NEWS

Residents’ feedback sought for Midtown in Focus

Since 2012, Ward 22 councillor Josh Matlow has spearheaded the development of Midtown in Focus, an ambitious plan to create official development guidelines for Yonge-Eglinton. The guidelines would accommodate the neighbourhood’s unprecedented growth without sacrificing the elements that made it such a popular destination in the first place.

But they have to be co-written by the community itself, Matlow told a Feb. 22 planning group meeting at the Anne Johnston Health Station.

“No one knows both the challenges faced by Yonge and Eglinton and the kinds of services and infrastructure they need more than the people who live and breathe it every day,” he said. “While we are still at the purview of an unelected and unaccountable OMB, we need to take as much power back into our own hands as possible to manage growth effectively.”

The dozens of community association members and development experts attending were asked a question that is straightforward, but difficult to answer in a way that all party’s can agree on: How do you define midtown’s character?

Residents were shown the detailed city staff’s detailed analysis of two of the Midtown in Focus plan’s “character areas” — the Redpath Park Street Loop, roughly bordered by Yonge Street, Erskine Avenue, Mount Pleasant Road, and Eglinton Avenue East; and the Eglinton Green Line, representing the stretch of Eglinton Avenue between Bayview Avenue and Avenue Road — and were asked how well staff’s suggested standards matched what they wanted to see.

“It’s about taking the public realm elements the community wants to see and identifying how we can translate that into a better sculpted built form,” Ann-Marie Nasr, Toronto’s manager of strategic initiatives, told Streeter.

For example, she said, residents made it clear that they would like a wider sidewalk leading into Redpath Park.

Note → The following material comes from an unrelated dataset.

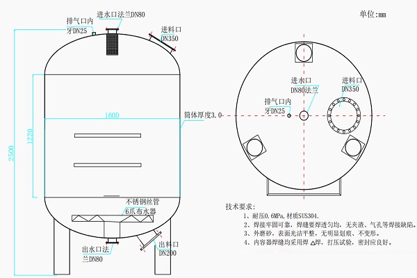 機械過濾器整體內部結構SUS304不銹鋼材質罐體,濾料層,進出水法蘭,排氣閥,進料口,布爪器、反洗排水口、順洗排水口、壓縮空氣進口等環節組成。
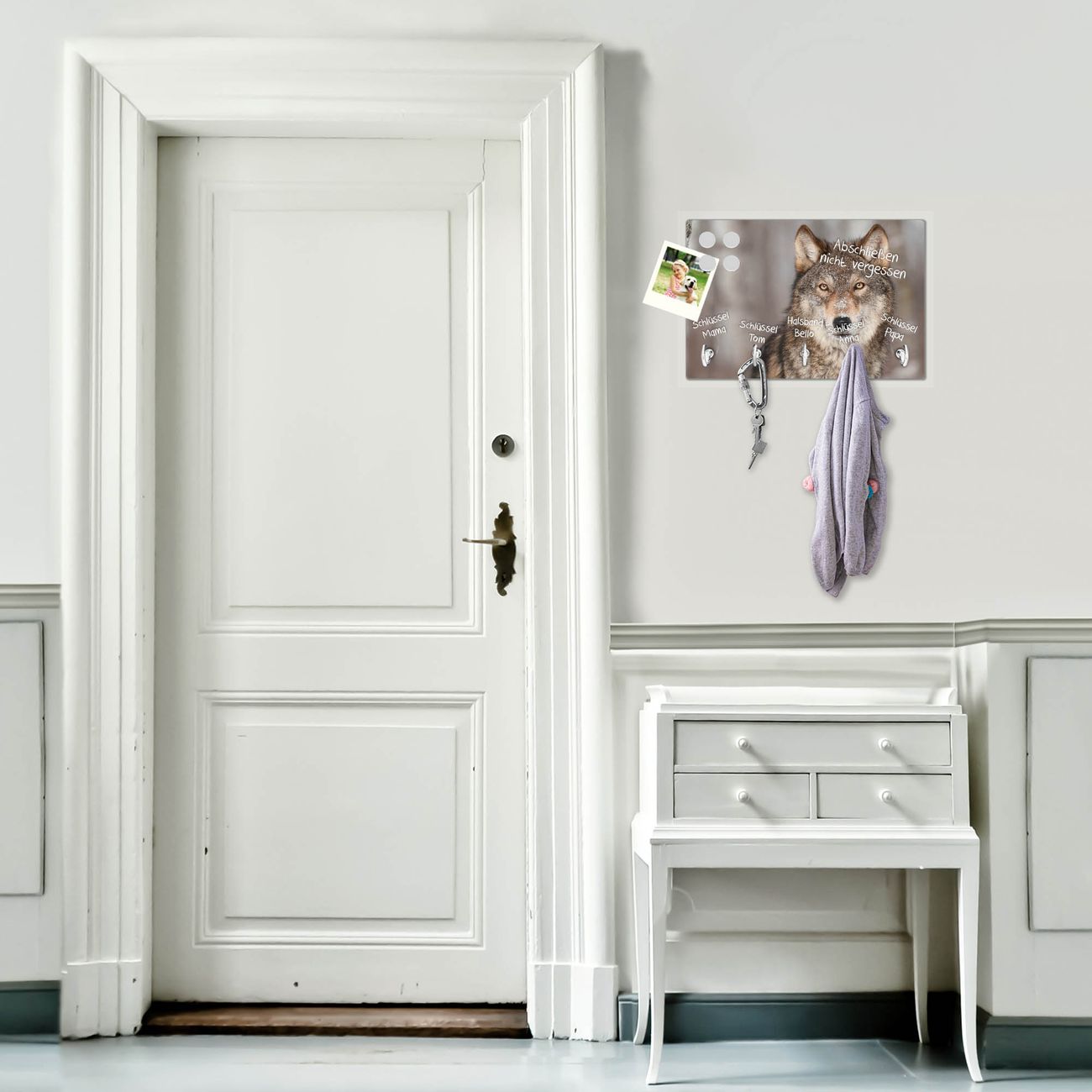 FUNKTION: Mit dem banjado Schlüsselbrett Soraya hat Ihre Suche nach dem Schlüsselbund endlich ein Ende! Auf gesamt 5 Haken finden auch die größten Schlüssel ihren Platz. Durch den farbenfrohen Motivdruck ist das Schlüsselboard ein Blickfang in jeder Wohnung. DESIGN: Die Schlüsselleiste mit Motiv Soraya hat ein sehr ansprechendes und ausgefallenes Design. Das Glasboard besteht aus einer gehärteten Glasscheibe mit dem Motiv Ihrer Wahl. Ihre neue Schlüsselaufbewahrung ist funktionell und ein optisches Highlight. DETAILS: Das Schlüsselbrett ist 30 x 20 x 4,5 CM (BxHxT). Das ganze Board besteht aus gehärtetem Sicherheitsglas, die Haken zur Selbstmontage präsentieren sich in Edelstahl-Optik. Für einen sicheren Halt erfolgt die Aufhängung an 2 vorgefertigten Haltern an der Rückseite. Das Montagematerial fügen wir bei. NUTZEN: Hier findet alles seinen Platz: Schlüsselbunde, Geschirrtücher, Hundeleinen oder Kinderjacken. Das Glas kann mit Kreidestiften bzw. Whiteboard-Marker beschrieben werden, mit extrastarken Neodym-Magneten können Sie auch Notizen anheften. BANJADO: Wir sind ein kleines Team aus dem Herzen von Sachsen und fertigen Ihre neue Schlüsselaufbewahrung von Hand an. Sie erhalten Handarbeit und keine preiswerte Importware. Wir hoffen, dass Ihnen unsere Idee zusagt, herzlichst das banjado Team.

For the Green Line residents wanted standards to reduce shadows on the street and require developers to increase setbacks, particularly on the east side of Eglinton.

Other residents wanted to see more parkland.

“We’re getting some early feedback to our process, and that will help us develop a community meeting that will answer as many questions as possible, including the ones we didn’t think about,” Nasr said. “I’m thinking we’ll start to hear some common themes.”

Ward 25 councillor Jaye Robinson, who also attended the meeting, told Streeter she hears from residents complaining of overdevelopment on an hourly basis and was especially heartened to learn certain residents, outraged by the recent destruction of the 110-year-old Bank of Montreal building at 2439 Yonge St., were demanding the city incorporate heritage protection into its Midtown in Focus guidelines .

“It’s so important to hear what people who actually live in the neighbourhoods and communities that are too often subject to developers’ whims have to say about how we move forward,” Robinson said

Sherwood Park Residents’ Association President Ben Daube said he was pleased by the project’s progress thus far, praising Matlow, Robinson, and the city’s planning department for recognizing its current secondary plan was outdated and developing an update that he said “is going about twice as fast as it usually does.”

The city plans to run one more invitation-based meeting — its fifth — in early April, focusing on the main street villages: Eglinton Way, Mount Pleasant Village, Bayview Village and Yonge Street north and south of Eglinton.

This is to be followed by a community meeting to discuss all 23 character areas, and invite all nearby residents to visit and comment.